We apply SceneTeract as a single verification engine for scene auditing, VLM functional judgment benchmarking, and reinforcement-learning reward supervision, showing that its granular reports support both failure diagnosis and downstream model improvement.

Abstract

Embodied AI depends on interactive 3D environments that support meaningful activities for diverse users, yet assessing their functional affordances remains a core challenge. We introduce SceneTeract, a framework that verifies 3D scene functionality under agent-specific constraints. Our core contribution is a grounded verification engine that couples high-level semantic reasoning with low-level geometric checks. SceneTeract decomposes complex activities into sequences of atomic actions and validates each step against accessibility requirements (e.g., reachability, clearance, and navigability) conditioned on an embodied agent profile, using explicit physical and geometric simulations. We deploy SceneTeract to perform an in-depth evaluation of (i) synthetic indoor environments, uncovering frequent functional failures that prevent basic interactions, and (ii) the ability of frontier Vision-Language Models (VLMs) to reason about and predict functional affordances, revealing systematic mismatches between semantic confidence and physical feasibility even for the strongest current models. Finally, we leverage SceneTeract as a reward engine for VLM post-training, enabling scalable distillation of geometric constraints into reasoning models. We release the SceneTeract verification suite and data to bridge perception and physical reality in embodied 3D scene understanding.

Method

Input Triplet \( (\mathcal{A}, \mathcal{S}, \mathcal{T}) \)

The verification context is defined as a scene-task-agent input triplet.

From this input triplet, a VLM plans the task using a predefined set of primitive actions.

Semantic Planning \( \Phi \)

A VLM translates open-ended tasks into executable sequences.

> System: You are an expert in task planning for embodied agents in 3D environments. Your task is to decompose the user's high-level activity into a sequence of atomic actions from the provided library.

Atomic Action Library \( \mathbb{A} \)

Each atomic action is paired with a target scene object to form an interaction tuple \( (a, o) \). They are categorized into four functional families.

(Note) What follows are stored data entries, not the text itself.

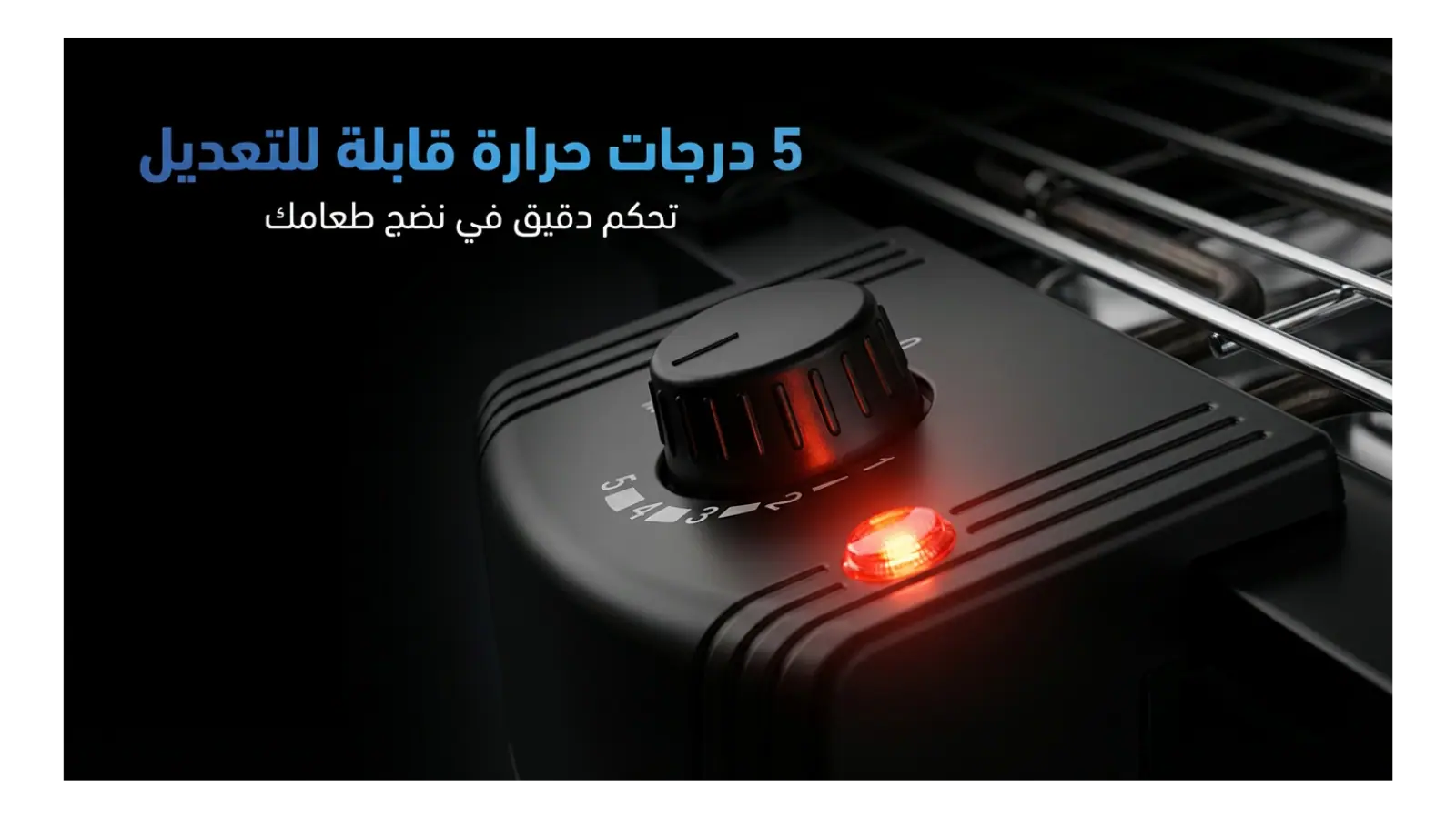 ✅ 5 مستويات حرارة تمنحك حرية التحكم الكامل من شواء خفيف إلى نضج كامل حسب رغبتك.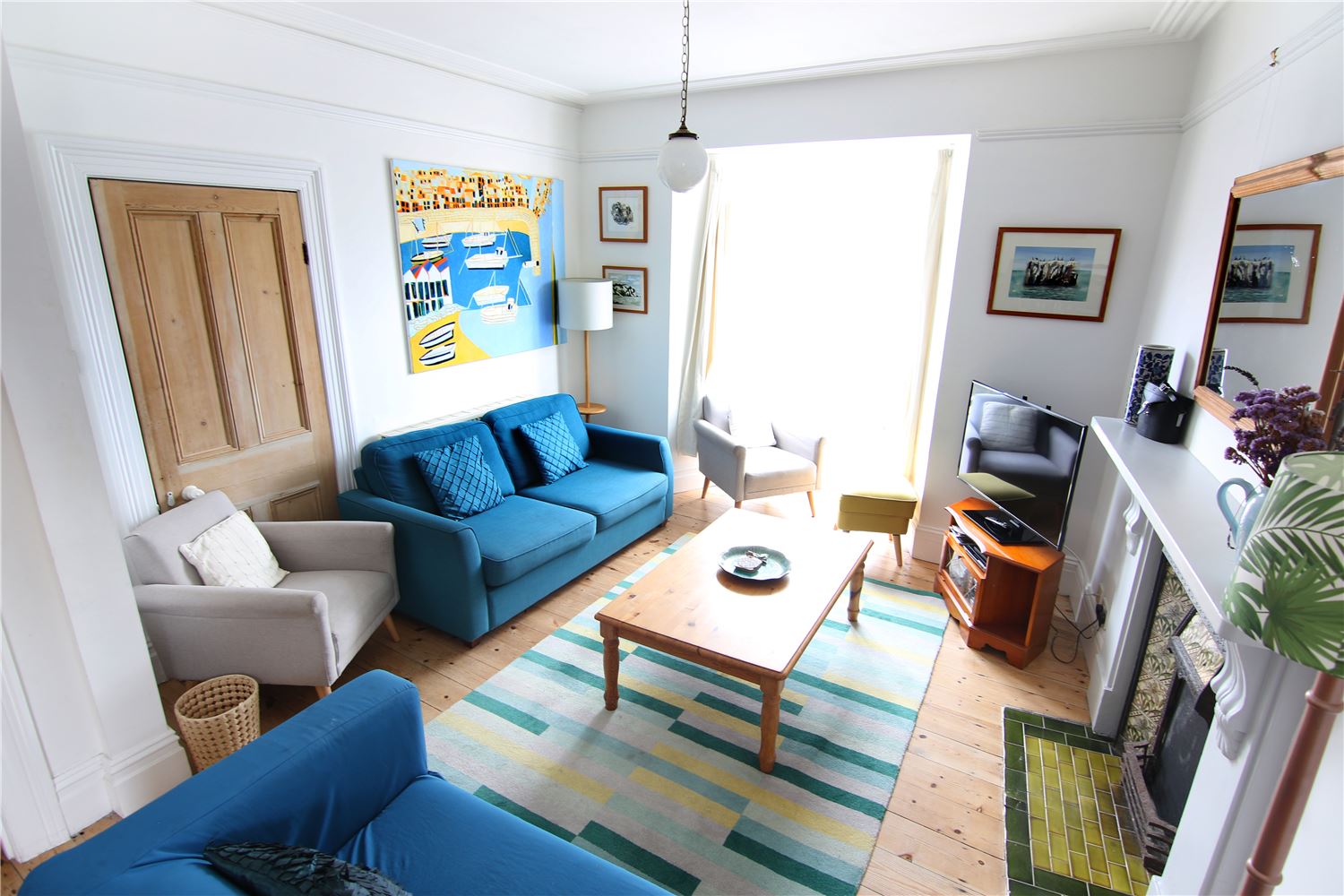 1 Atlantic Terrace is a light airy 3 storey house with stripped floors and white walls situated and the end of a small row of houses down a narrow lane. It has 4 bedrooms, 2 bathrooms and a large through living/dining room.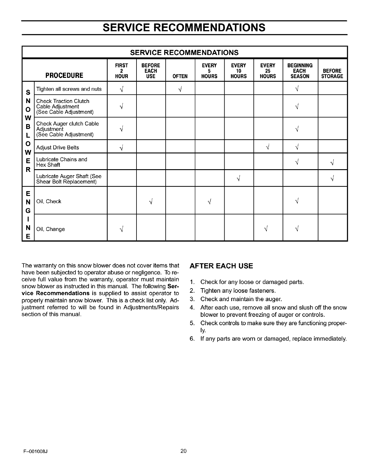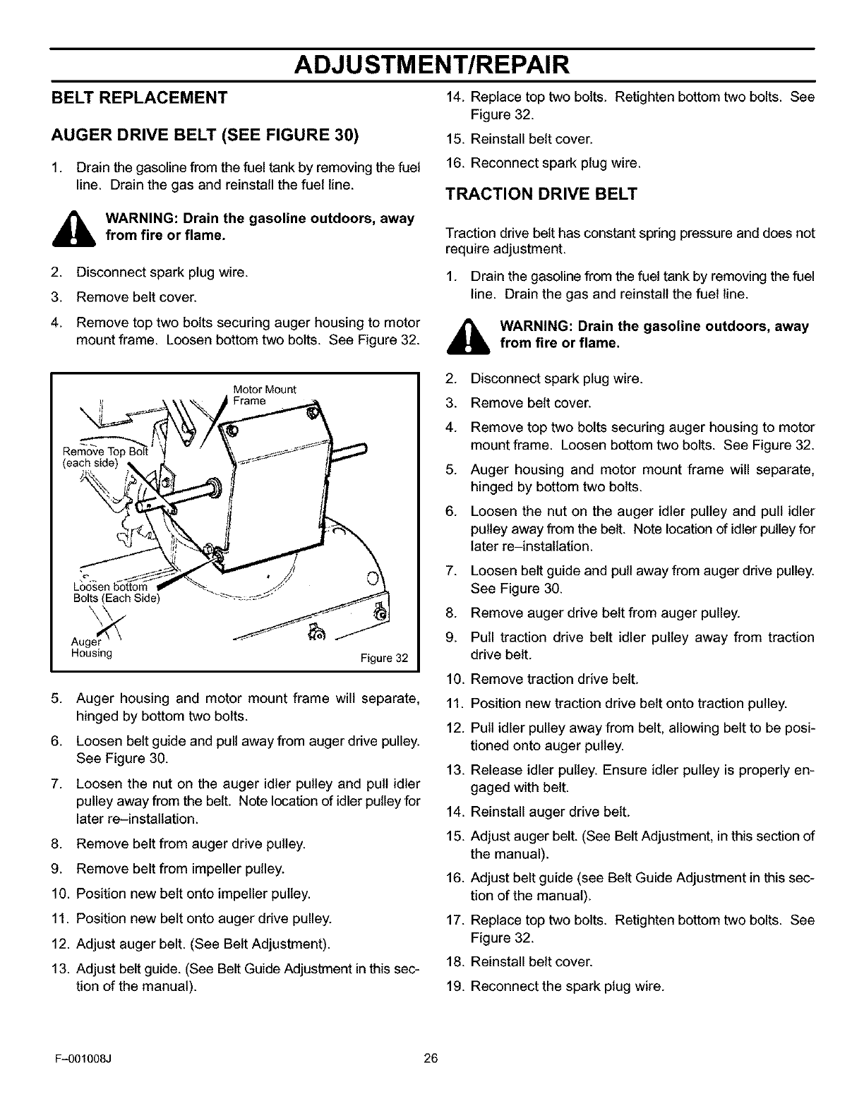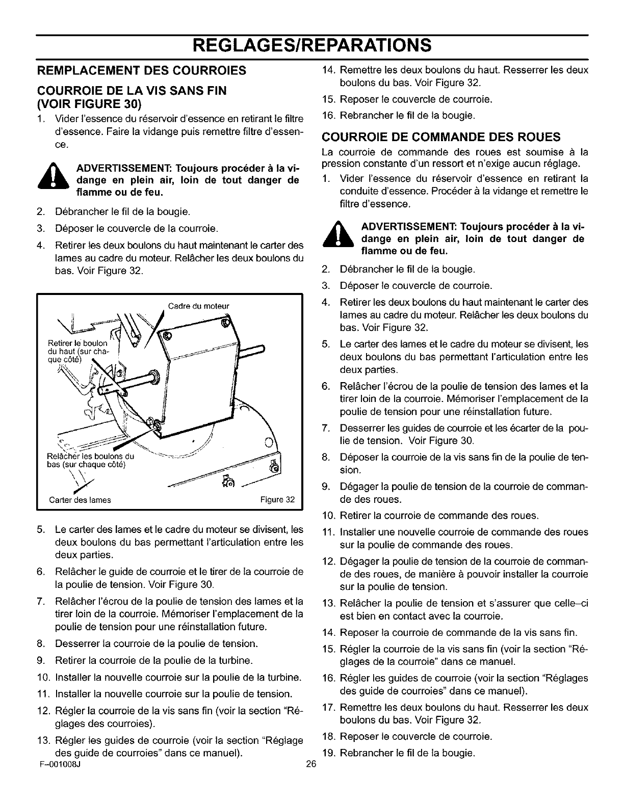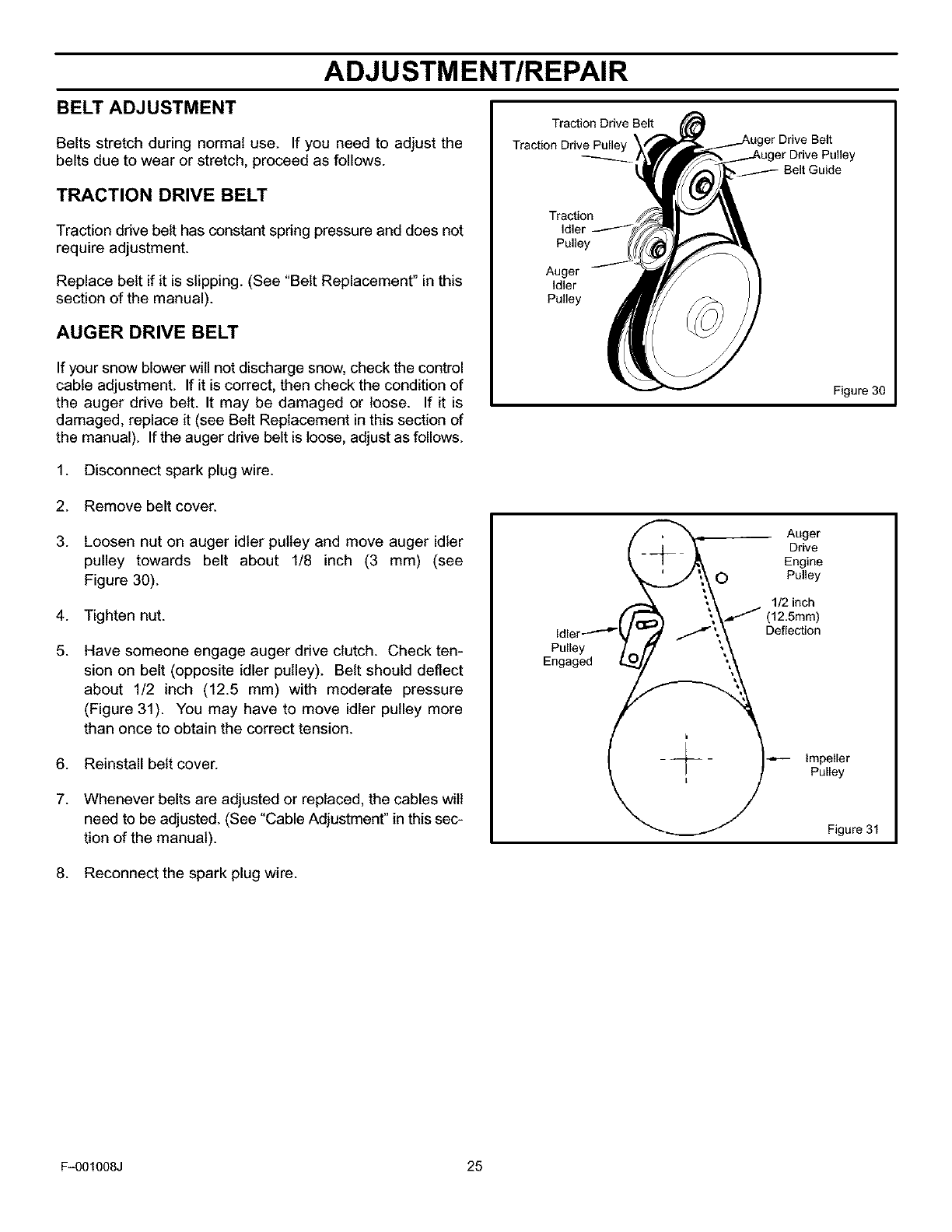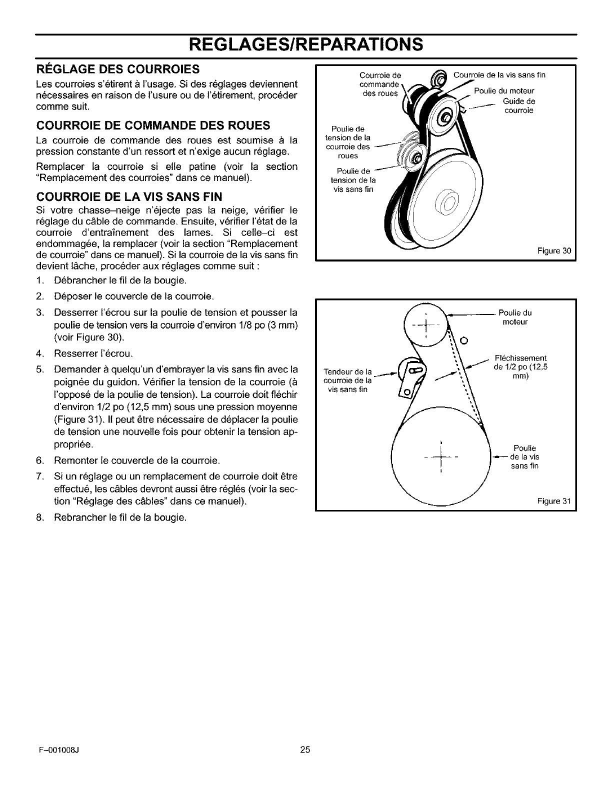 Pas d'6jection de la neige Courroie de vis sans fin d6tendue ou R6gler la courroie de la vis sans fin ou; la remplacer si

Generated Plan \( \pi \) A VLM \( \Phi \) decomposes the activity from the multimodal input context, yielding a multi-step action plan.
Each action is then mapped to explicit physical properties to verify geometric feasibility.

Geometric Grounding \( \Psi \)

Mapping semantic actions to explicit physical, agent-aware verifications.

Based on their family membership, actions are mapped to a sequence of geometric checks that are validated against the 3D scene and the agent's physical constraints.

Action Family \( \mathcal{P}_{\text{nav}} \) \( \mathcal{P}_{\text{reach}} \) \( \mathcal{P}_{\text{inter}} \) \( \mathcal{P}_{\text{clear}} \) \( \mathcal{P}_{\text{vis}} \)
Mobility \( \mathbb{A}_{\text{m}} \) 1
Contact \( \mathbb{A}_{\text{c}} \) 1 2
Handling \( \mathbb{A}_{\text{h}} \) 1 2 3 4
Perception \( \mathbb{A}_{\text{p}} \) 1

Select a geometric property column header to view its implementation details.

\(\mathcal{P}_{\text{nav}}\) : isNavigableTo

\(\mathcal{P}_{\text{reach}}\) : isReachable

Computes the minimum Euclidean distance from the agent's connected navigable floor region to the target mesh, vertically translated by \( h_{\text{arm}} \), and validated against the maximum reach radius \( r_{\text{arm}} \).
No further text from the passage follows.